No mesmo dia, o Chico foi ter com um velho camarada, empregado
antigo da Central, e perguntou-lhe se
conhecia um sujeito
que ali tinha
estado algum tempo, chamado
Alexandrino Pimentel.
- Um bêbado! - respondeu prontamente o outro.
- Bêbado?
- Bêbado, sim! Foi por isso que o Passos o pôs na rua!
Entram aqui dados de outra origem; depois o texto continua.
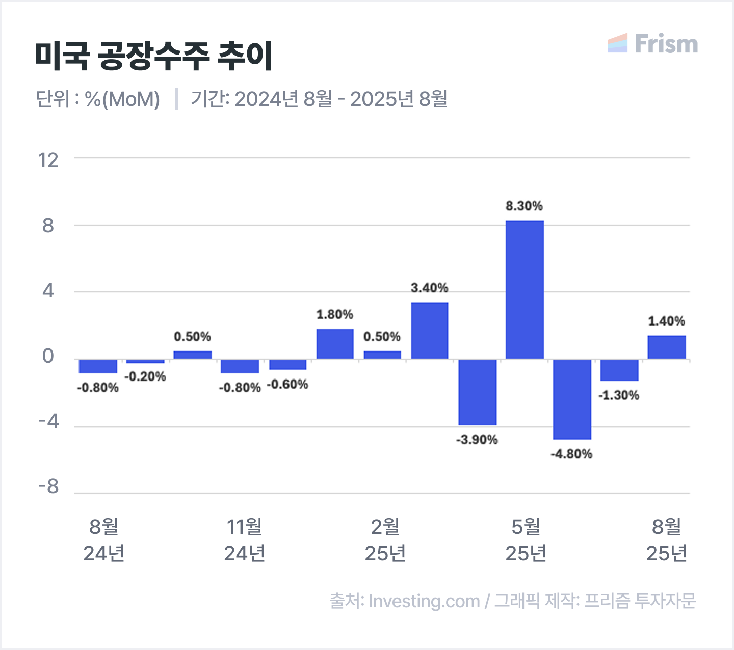 셧다운 이후 발표된 미국 8월 공장수주는 전월 대비 1.4%, 전년 대비 3.3% 증가하며 예상치에 부합했어요.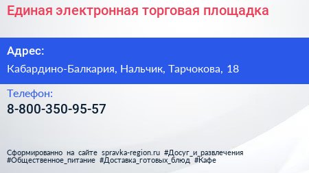 Единая электронная торговая площадка по адресу Кабардино-Балкария, Нальчик, Тарчокова, 18 в дальнейшем Организация, размещена в следующих категориях:
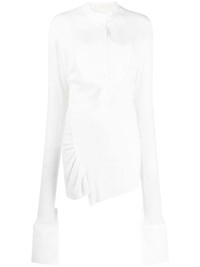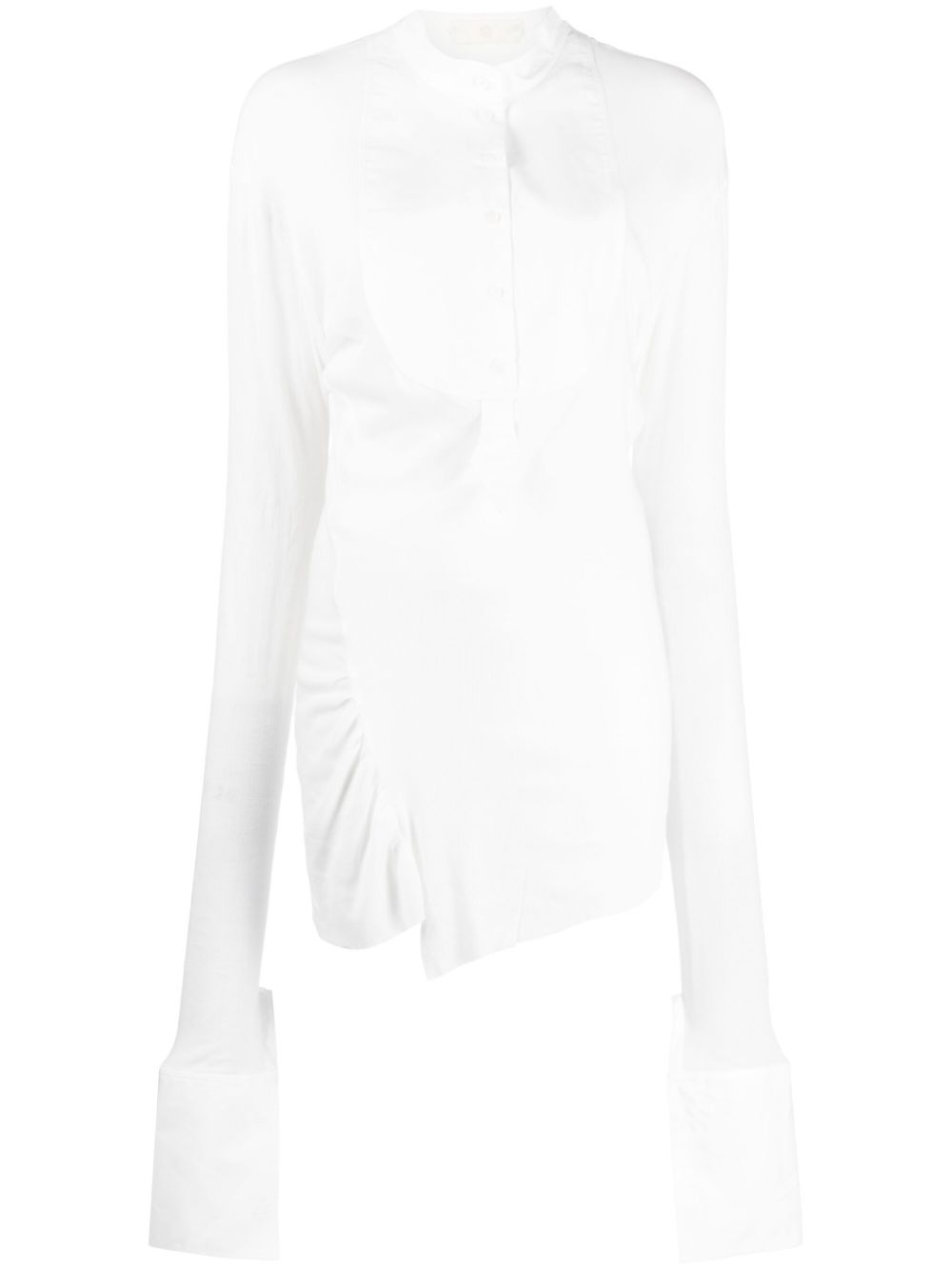 knitted-panel poplin shirt Highlights - White - Cotton - Poplin texture - Knitted panels - Gathered detailing - Band collar - Front button fastening - Extra-long sleeves - Split cuffs - Asymmetric hem Made in France Composition Body: Cotton 100% Outer: Modal 95%, Elastane 5% SIZE & FIT Model measurements Height 5 ft 10 in(1.77 m) Bust/Chest 31.49 in(80 cm) Hips 35.43 in(90 cm) Waist 25.19 in(64 cm) FittingInformation Designed for a slim fit that sits just away from the body offering a close yet comfortable fit Constructed with additional length on the sleeve Made from a midweight non-stretch fabric This piece fits true to size – take your usual size Washing instructions Dry Clean Only
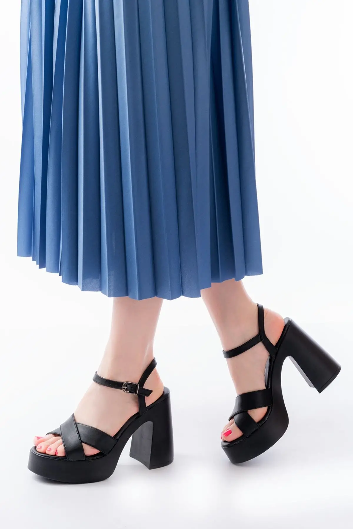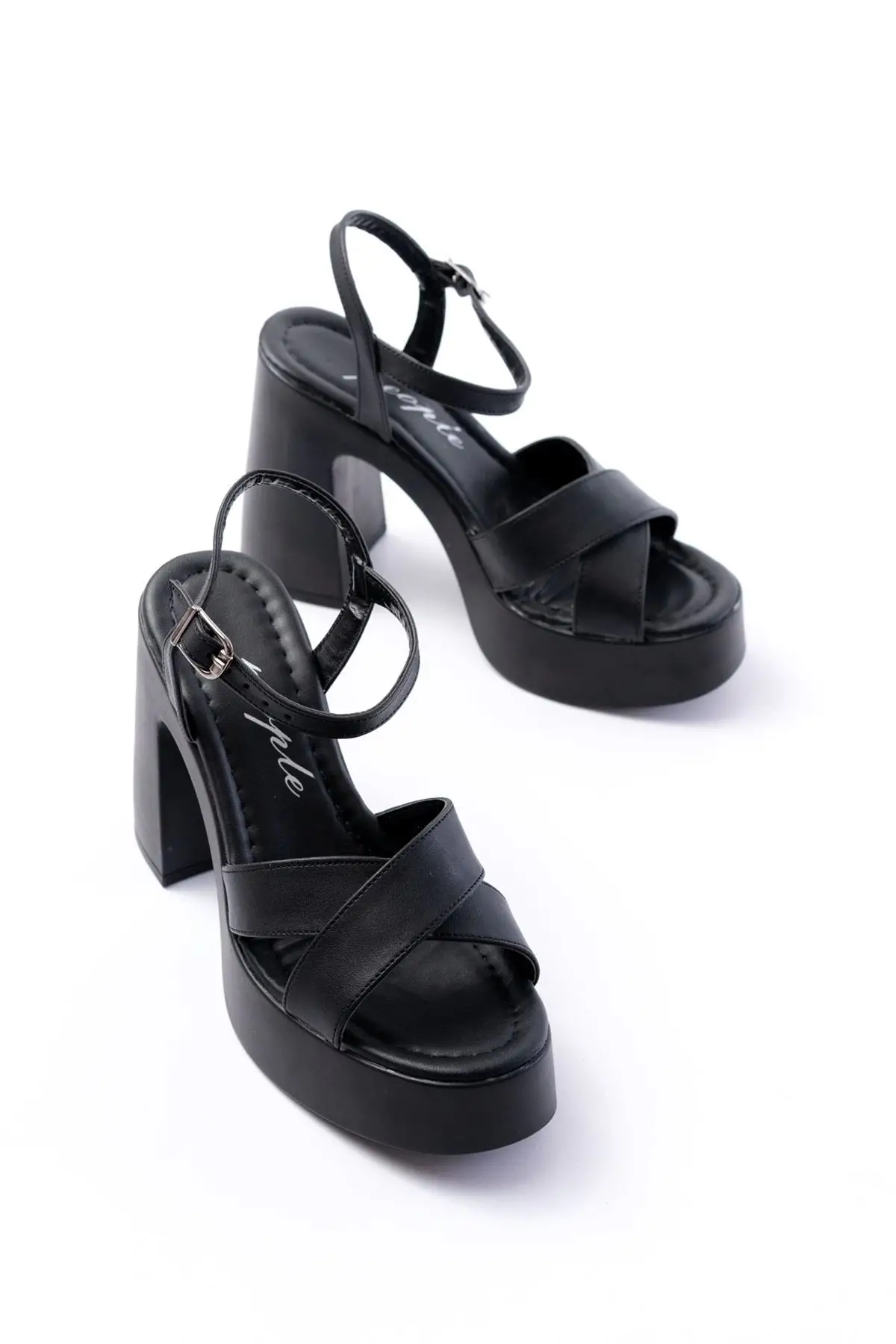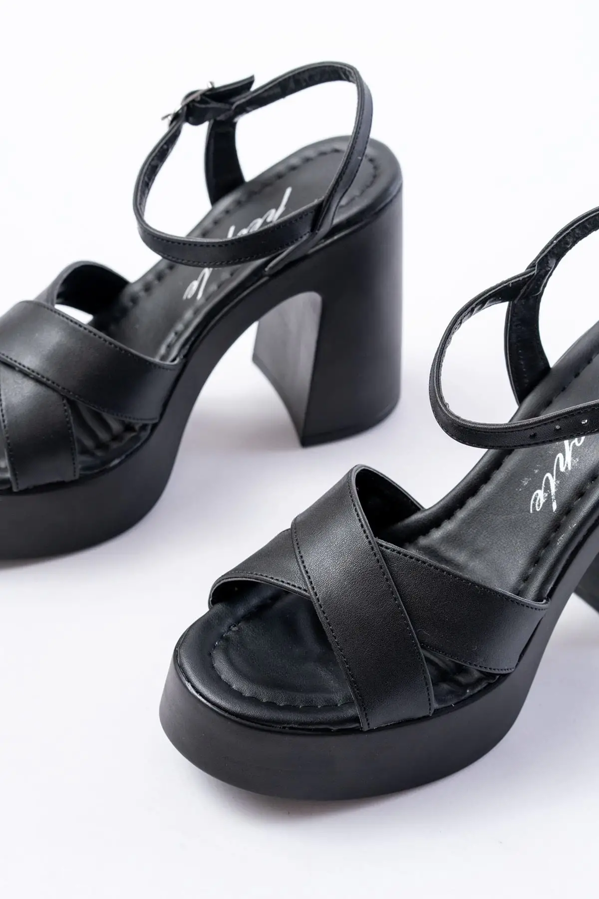 P-105 Siyah Çapraz Kalın Topuklu Kadın Sandalet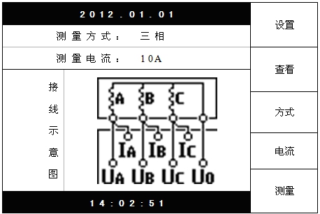 “方式”鍵:設置測量方式,包括“單相”、“兩相”和“三相”。并且在“接線(xiàn)示意圖”的區域會(huì )顯示相應的接線(xiàn)圖,可作為實(shí)際接線(xiàn)時(shí)的參考。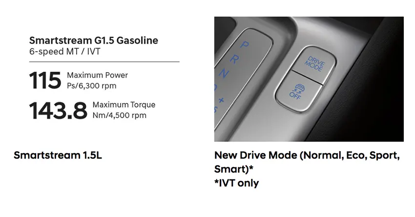New STARGAZER dilengkapi mesin Smartstream 1.5L dengan sistem Intelligent Variable Transmission (IVT) hasilkan performa tangguh, responsif, serta efisien. Fitur Drive Mode juga tersedia untuk pilihan gaya berkendara yang paling sesuai untuk Anda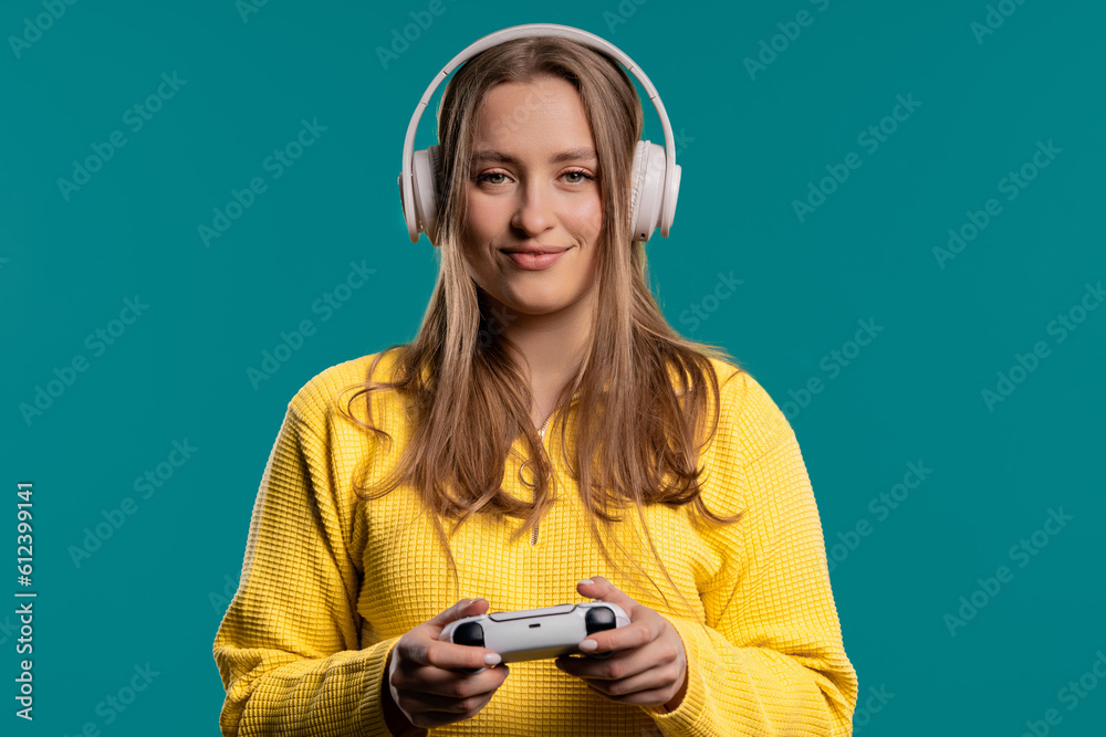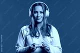 Young woman playing online video game, console TV with joystick on blue backdrop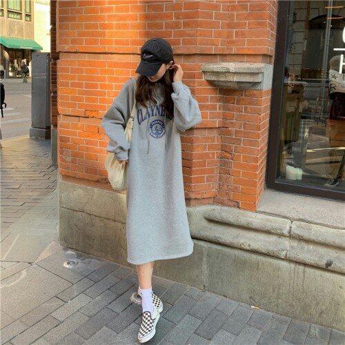 [HYIJVKGW_4B]후드원피스 루즈핏 후드 기모 원피스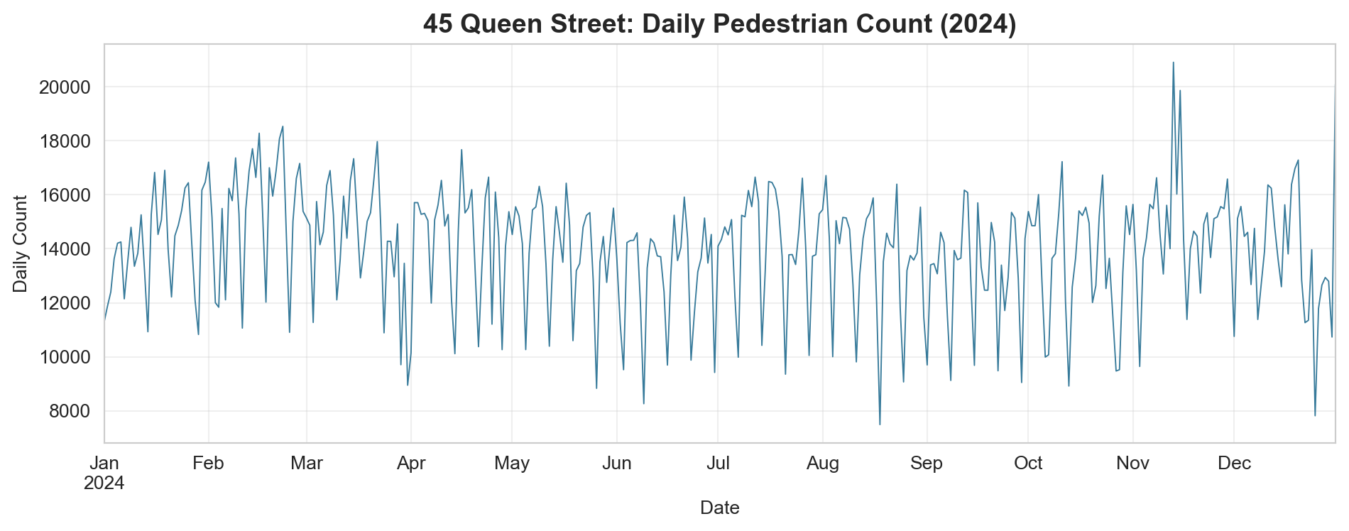 This lab takes you through a complete data analysis workflow using real hourly pedestrian counts from 21 sensor locations across Auckland’s city centre in 2024. The data are sourced from Heart of the City and record how many people passed each sensor during every hour of the year.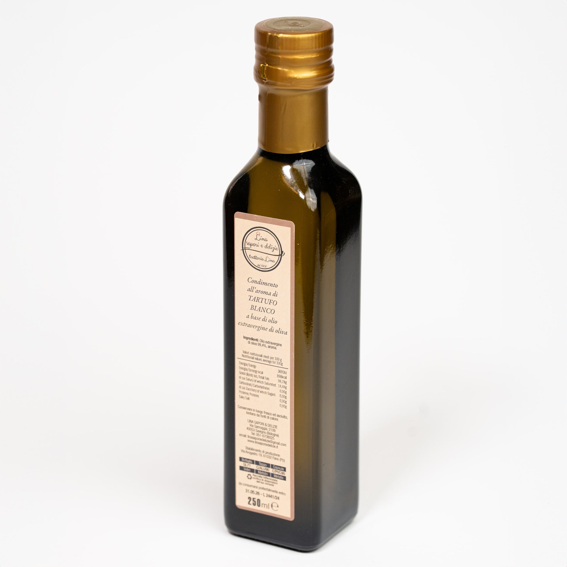 • Autenticità: Prodotto con ingredienti genuini e seguendo metodi tradizionali, il nostro olio d'oliva al tartufo bianco porta in tavola l'autentico sapore dell'Italia.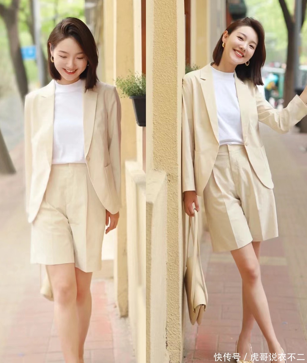 三、小西装+五分裤当前小西装早已不是专属于职场的单品,好多女性在闲居造型中,也可爱利用小西装秀出前锋姿态。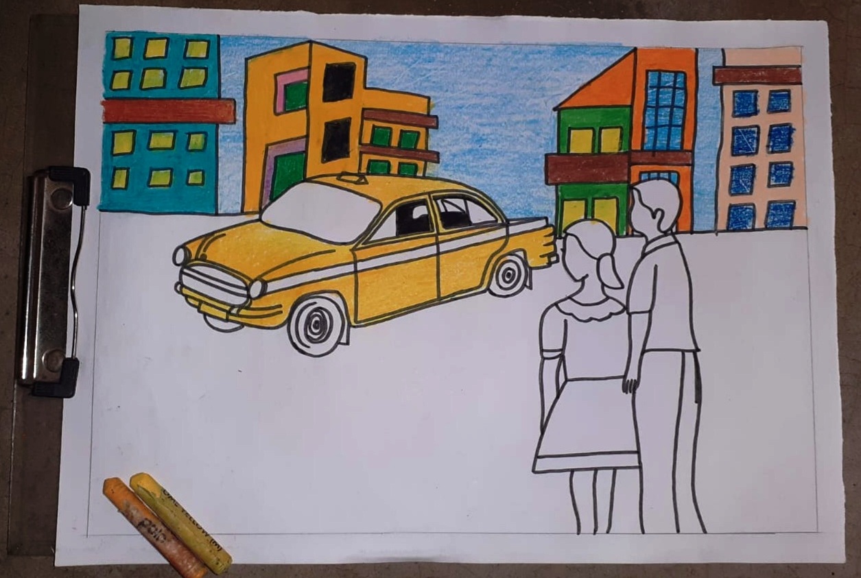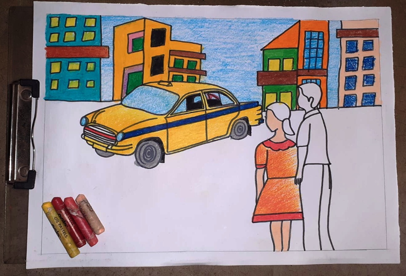 ❖দ্বিতীয় ধাপে একটা ট্যাক্সিকে পুরোপুরিভাবে অঙ্কন করে নিয়েছিলাম। আমাদের ভারতবর্ষের ট্যাক্সিগুলো যেমনটা হয় সেইরকমটা।

- Mas não se terá corrigido?
- Não sei; nunca mais ouvi falar nele. Quem te pode informar com
segurança é o Trancoso. - Sim, que ele era casado com a filha do Trancoso, por
sinal que não se dava com o sogro.
- Casado?
- Casado, sim!
- Quem é esse Trancoso?
- Um ex-colega meu, aposentado há uns quatro anos. Mora lá para os
lados de Inhaúma.
- Podes dar-me um bilhete de apresentação para ele?
- Pois não!
No dia seguinte o Chico estava em Inhaúma, à procura do tal
Trancoso, que já lá não morava; havia seis meses que se mudara para Copacabana,
onde adquirira uma casinha; entretanto o pobre rapaz não esmoreceu diante de
uma tremenda maçada, e no outro dia, depois de duas horas de indagações, batia
à porta do Trancoso.
Veio abrir-lha um
velho asmático, envolvido
numa capa, lenço
de seda ao pescoço, carapuça enterrada até às
orelhas, barba por fazer, cara de poucos amigos.
Quando o Chico pronunciou o nome de Alexandrino Pimentel, o velho
enfureceu-se, gritando que nada tinha de comum com "esse bandido"!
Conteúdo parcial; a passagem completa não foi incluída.